30 April 2009

Self-sufficiency

"Self-sufficiency is the road to poverty."

This idea is from Russell Roberts, an economist who blogs at Cafe Hayek.

At first I found this idea to be incorrect, as I prize self-sufficiency. However after just reading a small portion of Roberts' argument I see the truth in the statement. Wealth is a product of specialization and the division of labor; being able to trade with others.

Even though I see the truth in the idea, I am still trying to think what role self-sufficiency should play in my life. There is an amount of satisfaction that comes in being self-sufficient, but I think this is an attitude only held by those who are privileged with enough leisure that self-sufficiency is a choice rather than a necessity.

25 April 2009

Bribery and the Republic

I received the following quote the other day and was struck once again by the clarity with which de Tocqueville wrote about the American people. I am sure this applies to all peoples, but I find it especially scary at this time in the history of the United States of America.
The American Republic will endure until the day Congress discovers that it can bribe the public with the public's money
- Alexis de Tocqueville

22 April 2009

The Cost of Living

I haven't made it all the way through Barry Schwartz's The Cost of Living but I am intrigued by the premise of his book. Schwartz raises valid questions with regards to many aspects of our lives today, not only in this book but everything I have heard or read from him.

Here is a quote used in his book that captures the essence of his argument.
The burden of our civilization is not merely, as many suppose, that the product of industry is ill-distributed, or its conduct tyrannical, or its operation interrupted by embittered disagreements. It is that industry itself has come to hold a position of exclusive predominance among human interests, which no single interest, and least of all the provision of the material means of existence, is fit to occupy.
- R. H. Tawney, historian
Whether you refer to it as Western civilization, the rat race, or any other name I certainly feel this pull in my life. Perhaps this is only a problem we can have at this point in history when so many of us have so much leisure freedom. If we were living on the edge of hunger or survival from danger I am sure we wouldn't have these worries. The realities of our lives though is that we must face the question of where to place material goods and the getting of them in the priorities of our lives.

15 April 2009

Pleasures of eating

I recently finished Michael Pollan's In Defense of Food. I highly recommend both that book and Pollan's earlier The Omnivore's Dilemma.

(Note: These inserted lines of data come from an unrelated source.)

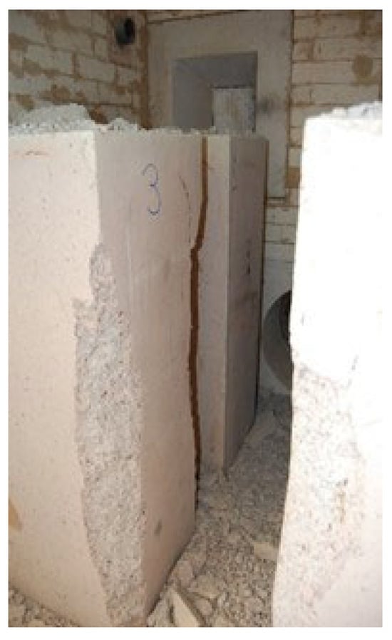 After the test, it was found that some faces of the columns exposed to fire suffered from ‘spalling’ (Figure 7). Small or significant parts of the exposed faces disappeared through detachment, resulting in the loss of the existing reinforcement coating. Consequently, the reinforcement may be directly exposed to heat, losing its load capacity [26].
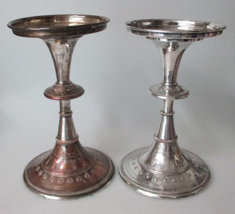 Par kirkestager, forsølvet kobber, 19. årh. Danmark.
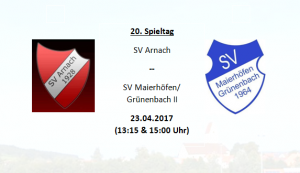 Sonntag, 23.04.2017 (Damen): SV Arnach – SV Baindt (10:30 Uhr) Sonntag, 23.04.2017 (Herren): SV Arnach II – SV Maierhöfen/Grünenbach III
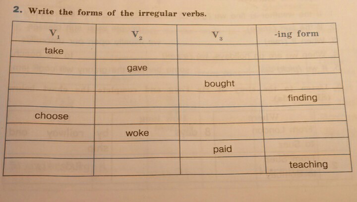 took taken takinggive given givingbuy bought buyingfind found foundchose chosen choosingwake woken wakingpay paid payingteach taught taught
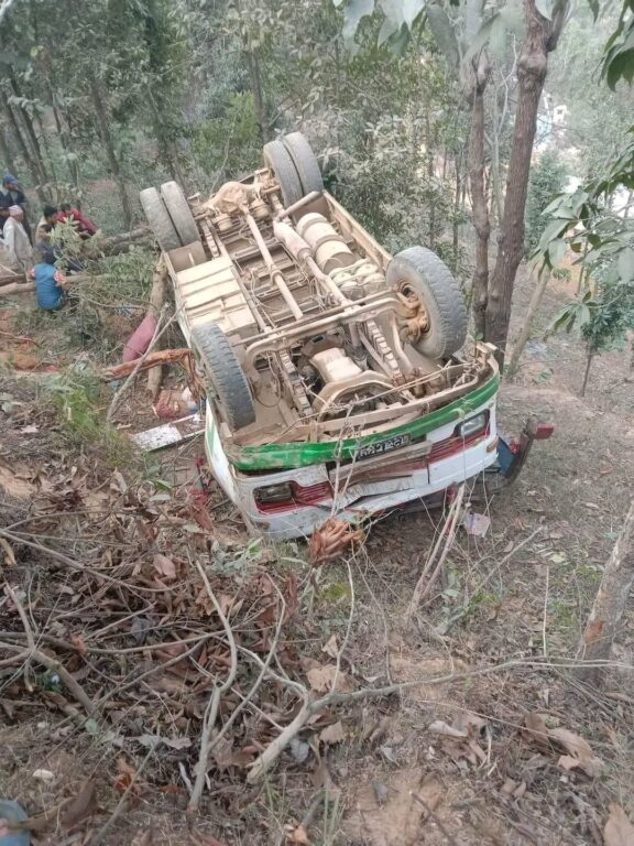 नुवाकोटको चैनपुरमा बस दुर्घटना, दुई जनाको घटनास्थलमै मृत्यु
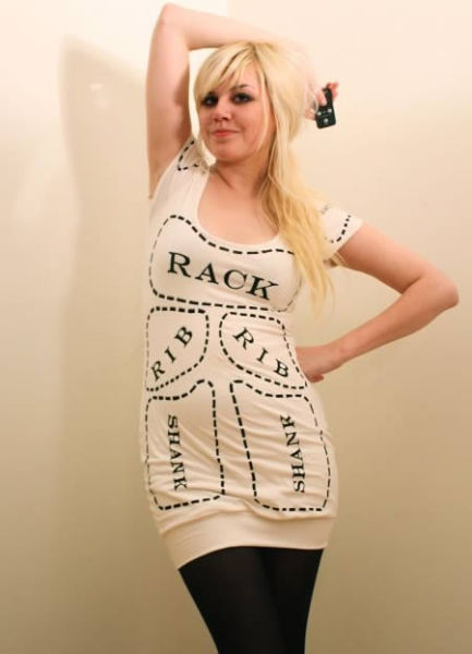 这款骨架裙能够让你向朋友、熟人和陌生人展示你的骨架,不失为一堂生动的动物解剖课啊!衣裙上的英语也正是表明了这一点。你的骨架、臀部和身体的其他主要部分都可以由这款裙子勾勒出来。
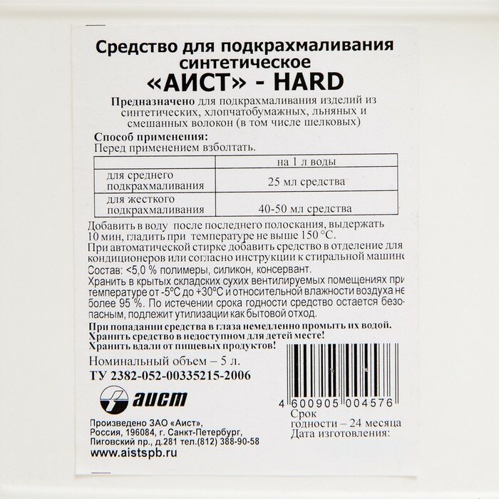 Жидкое средство для подкрахмаливания "Аист" Hard, 5 л./В упаковке шт: 1 интересное:
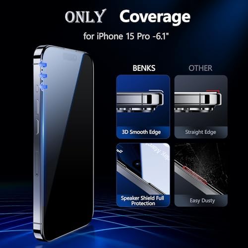 ❤【Compatible with iPhone 15 Pro 】This BENKS Anti-Spy protector is specifically designed for iPhone 15 Pro 6.1 inch 2023. High quality tempered glass raw material and built in Speaker Dust Cover, Covering the whole screen. Screen edges are also fully protected, Water-prood, Dustproof, Not easy to chip. So, it is very compatible with Face ID and Case Friendly. ❤【True 25°Anti-spy Protection】Unlike most privacy screen protectors, BENKS privacy screen protector adopts the latest anti-peeping technology, which brings a revolutionary 25° angle privacy protection (the smaller the viewing angle, the stronger the privacy protection). Allows you to provide the best 25° anti-spy viewing angle from the side in portrait mode, building a protective wall for your privacy for privacy-conscious users. ❤【High Protection】In daily use, the edges of the phone screen are often the most vulnerable place. We provide professional reinforcement to the edge to the edge for the iPhone 15 Pro screen protector. Double strengthened curing technology, not easy to crack. It protects your precious New iPhone from unwanted scratches caused by knives, keys and other hard objects in your pocket. ❤【Comfortable and Clean】With unique AR transparency enhancement technology, it effectively reduces black spots, keeps the screen clear and reduces discomfort when viewing the screen. And our screen protector is coated with hydrophobic and oleophobic transparent layers, making the screen smoother, fingerprint-resistant, easy-to-clean and waterproof. ❤【BENKS 1 to 1 Exclusive Service】Upgraded the liquid adhesive as well as the Auto-alignment Frame to make sure 100% install successful. Any bubble or anything, please feel free to contact us through Amazon's Message Center. We provide professional 24/7 quick-reply support. Customer satisfaction is our first goal!
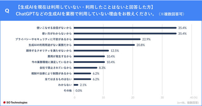 また、「現在は利用していない」「利用したことはない」と回答した方に理由を聞いたところ、「使いこなせる自信がないから」「使い方がわからないから」がそれぞれ35.4%、「プライバシーやセキュリティに不安があるから」が22.9%と続いた。(n=48、複数回答)
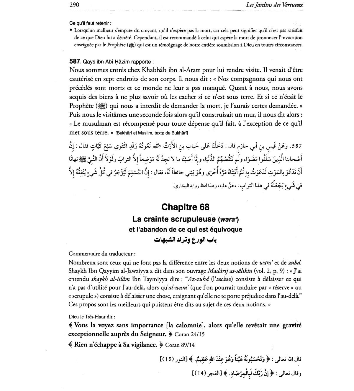 consiste a delaisser une chose, craignant qu'elle ne te porte prejudice dans l'au-deJa."
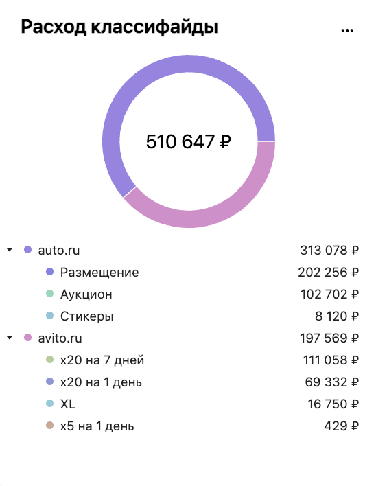 Виджет "Расходы по классифайдам" представляет собой круговую диаграмму, которая помогает отслеживать расходы, связанные с использованием классифайдов через CRM-систему. Этот инструмент идеально подходит для тех, кто активно работает с выгрузками и применяет различные услуги через CRM.
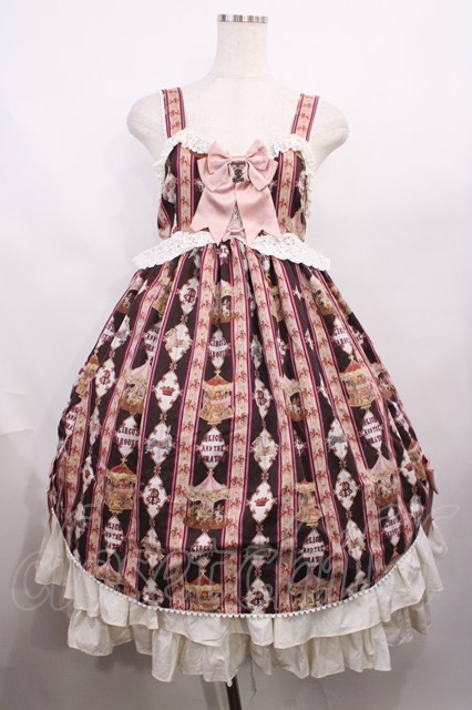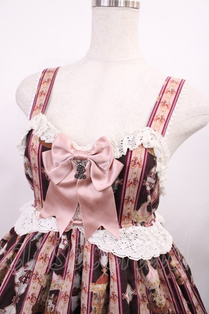 ALICE and the PIRATES / レジメンタルカルーセル柄ジャンパースカートII Free チャ×キナリレース×渋ピンクリボン H-25-12-22-1001-PA-OP-NS-ZH
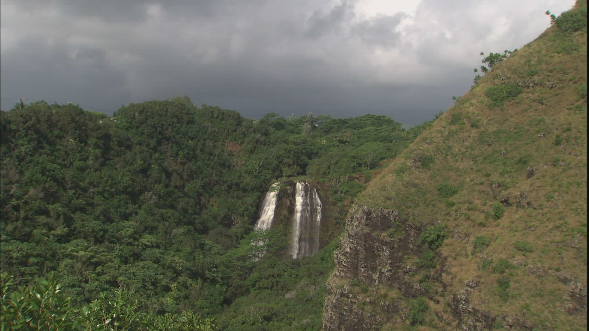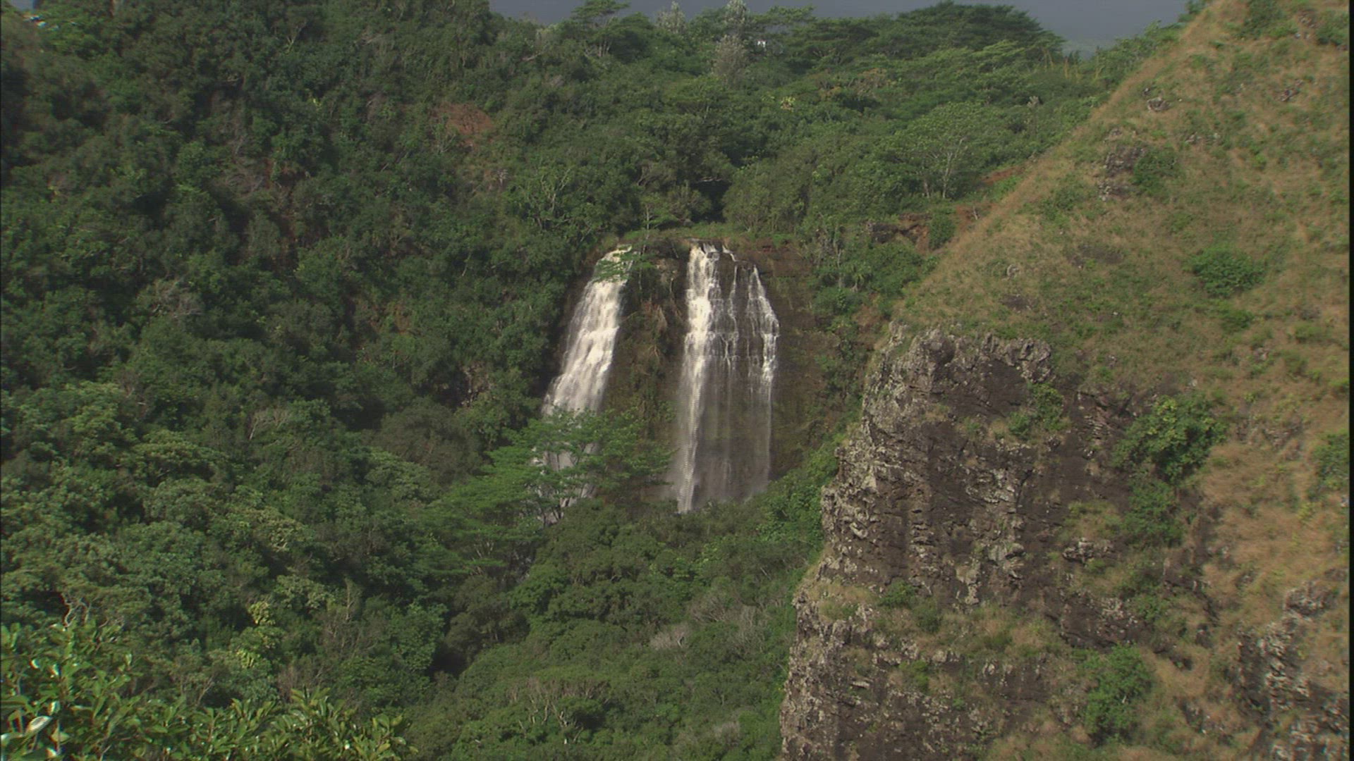 > Aerial of valley in Hawaii
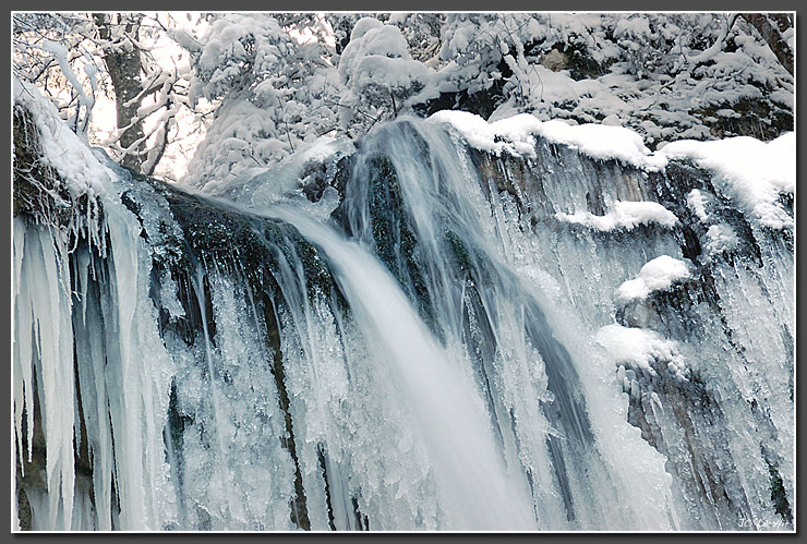 Sculptures de glace et stalactites forment le décor au milieu duquel s'écoule l'eau de la Fauge.
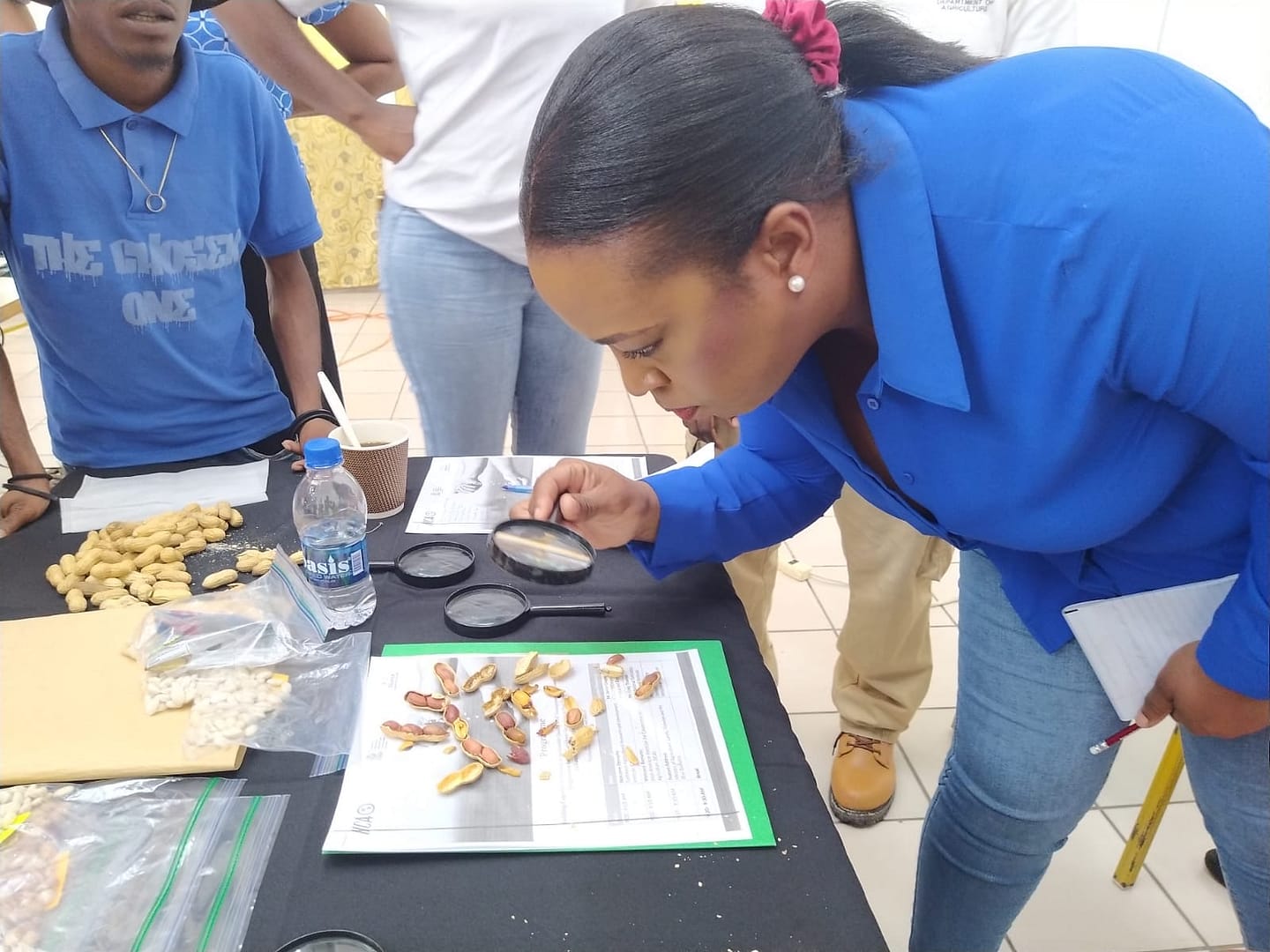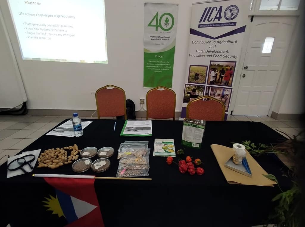 Facilitating the session was Mr. Junior Greene, CARDI’s Representative for Antigua, Barbuda and Montserrat. The principal lecturer was Ms. Omaira Avila Rostant, Biotechnologist at CARDI Belize, who led technical modules on seed production fundamentals, seed drying and processing, post-harvest handling, viability testing, and methods to protect varietal integrity. Ms. Rostant’s practical demonstrations emphasized hands-on techniques suitable for national and community seed systems, including simple, low-cost approaches that can be deployed rapidly after a disaster.
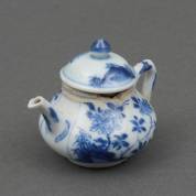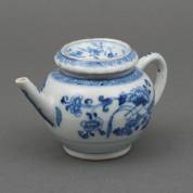 Chinees porseleinen theepotje met blauw-wit floraal decor, Qianlong, de deksel gemaakt van de bovenzijde van een zoutvat, 11 x 18 x 11 cm
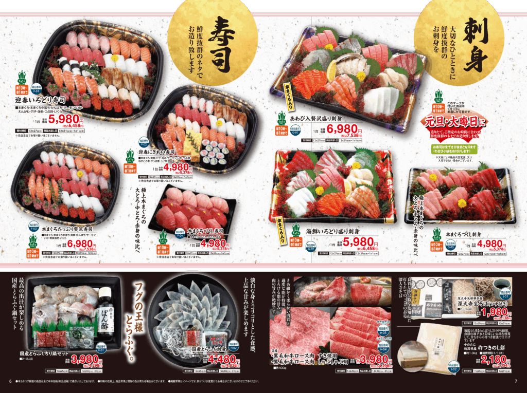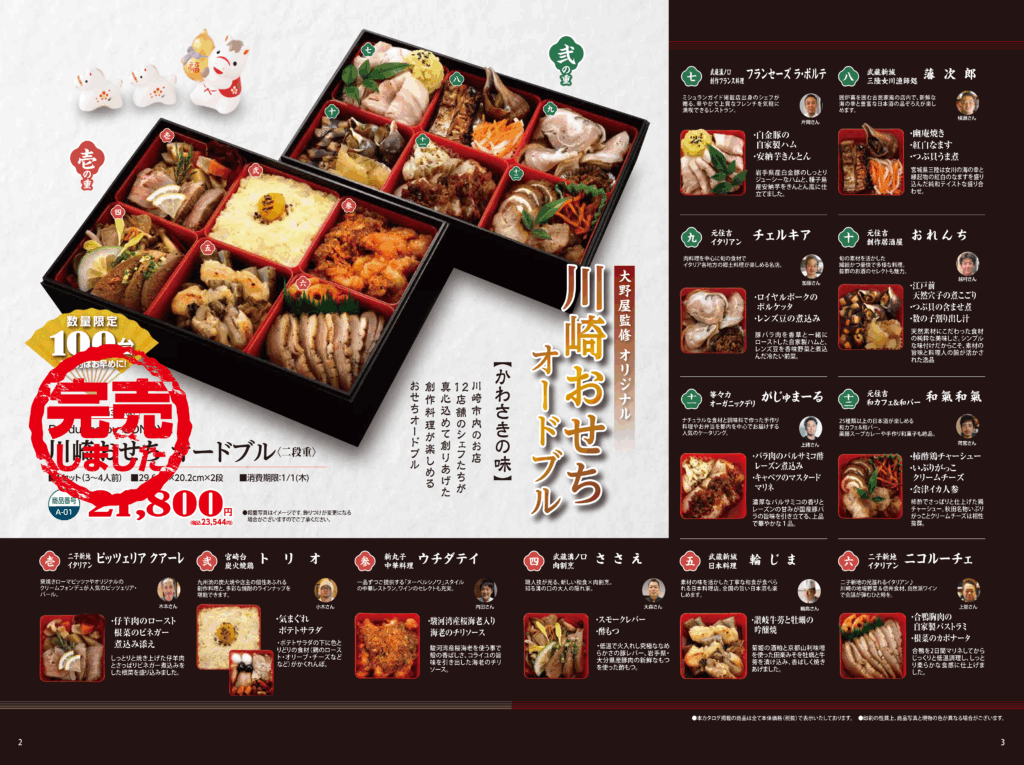 毎年大人気の川崎おせちオードブルや元旦のお刺身・お寿司の盛り合わせ、足柄牛のすき焼用・しゃぶしゃぶ用など
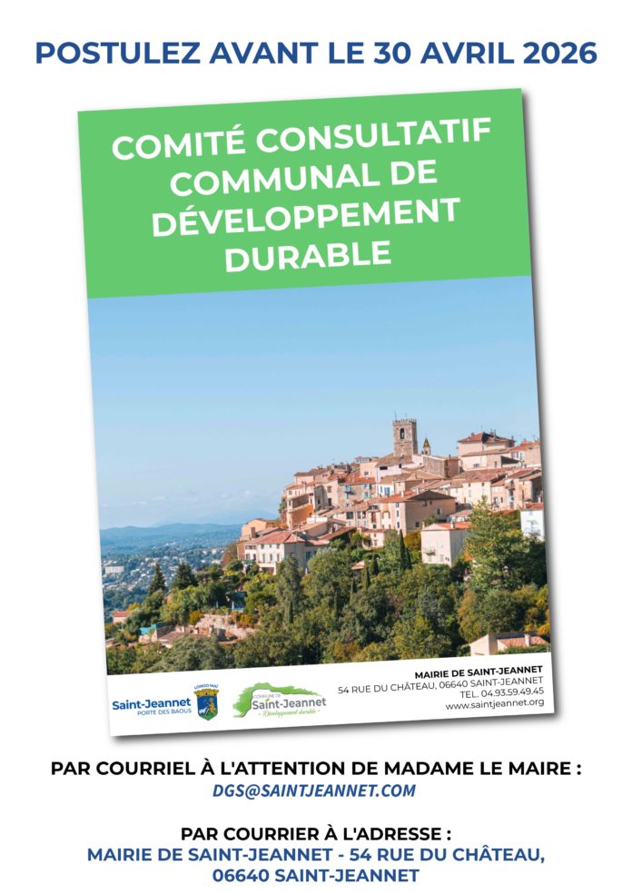 par courrier à l’adresse : Mairie de Saint-Jeannet – 54 rue du château – 06640 SAINT-JEANNET
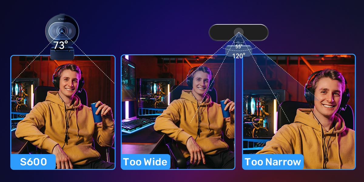 Занадто багато показано через надзвичайно широкий кут зору або занадто вузький, щоб навіть представити себе цілком? більше ні! Зробіть себе або свій фон ідеальним кадром за допомогою ширококутного кута огляду 73°.
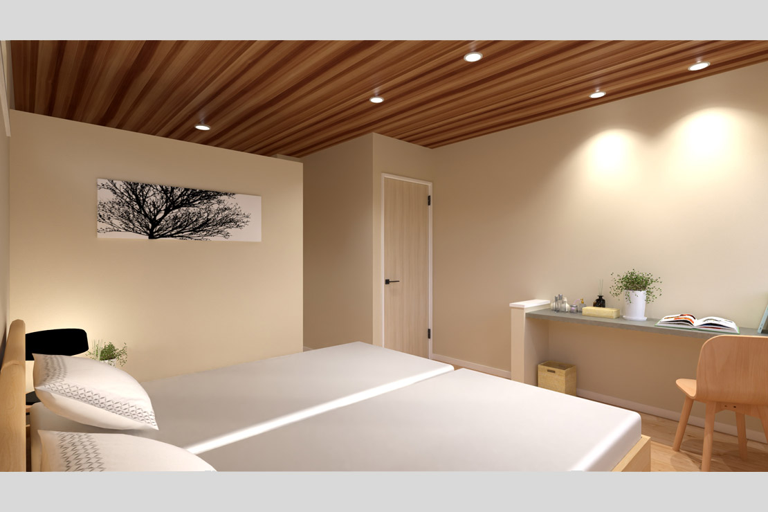 寝室にはカウンターを設置し、天井にアクセントクロス
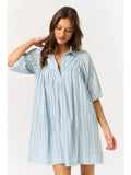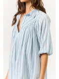 FINAL SALE - Blue & Navy Striped Puff Sleeve Mini Dress
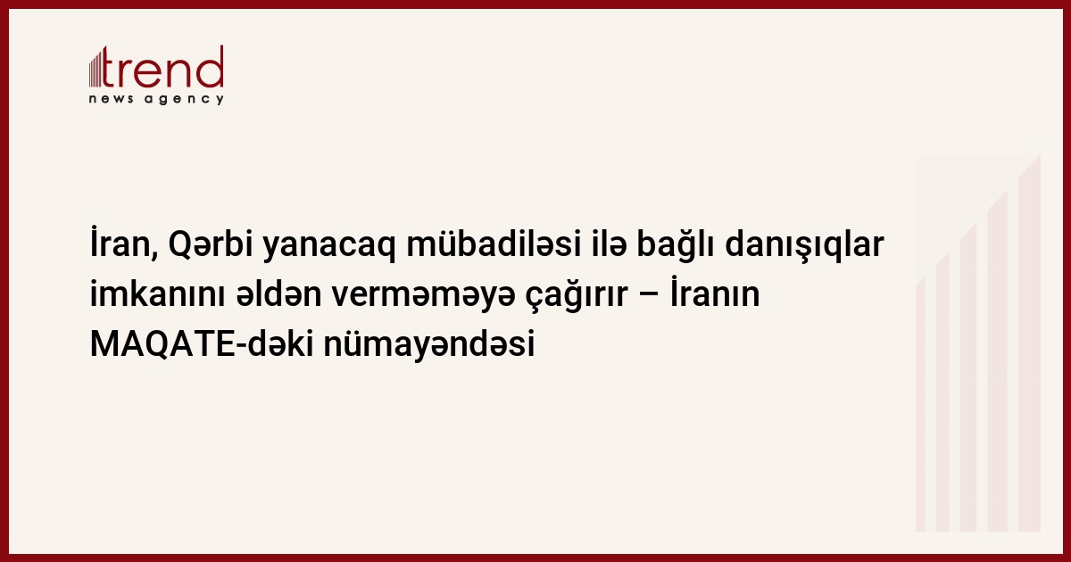 İran İslam Respublikasının Atom Enerjisi üzrə Beynəlxalq Agentlikdəki (MAQATE) daimi nümayəndəsi Əli Əsgər Sultaniyə Qərbi, İranın Vyana qrupuna (ABŞ, Fransa, Rusiya) Tehrandakı tədqiqat reaktoru üçün yanacağın verilməsi haqda göndərdiyi məktubla açdığı imkanı əldən verməməyə çağırıb. Bu barədə ISNA agentliyi xəbər verir.

Mentioned in Defense of Food is a short essay by Wendell Berry entitled The Pleasures of Eating.

I recommend the essay as it has some practical recommendations to bring our relationships with food into a healthier perspective. I found the following quote especially relevant.
Our kitchens and other eating places more and more resemble filling stations, as our homes more and more resemble motels. "Life is not very interesting," we seem to have decided. "Let its satisfactions be minimal, perfunctory, and fast." We hurry through our meals to go to work and hurry through our work in order to "recreate" ourselves in the evenings and on weekends and vacations. And then we hurry, with the greatest possible speed and noise and violence, through our recreation - for what? To eat the billionth hamburger at some fast-food joint hellbent on increasing the "quality" of our life? And all this is carried out in a remarkable obliviousness to the causes and effects, the possibilities and the purposes, of the life of the body in the world.

06 April 2009

A prophet's voice

I has set a personal goal to post to my blog on a more reliable schedule. I haven't always been keeping to it, partly because of the time it takes.

With the LDS general conference this past weekend one of the bits of counsel was to not spend too much time in things of little value. With that counsel in mind I now have no regrets in dialing back my efforts to post to my blog as often as I have.

02 April 2009

Rule of Law

I came across the following quote that I wanted to share.
The rule of law, in its most basic form, is the principle that no one is above the law. Thomas Paine stated in his pamphlet Common Sense (1776):

"For as in absolute governments the king is law, so in free countries the law ought to be king; and there ought to be no other."
I can't speak to the how the rule of law applies in contemporary America, but I love the ideal.

Thomas Paine's pamphlet Common Sense was written in argument for the American separation from Great Britain. I have put it onto my to-read list. I am curious what things still apply today.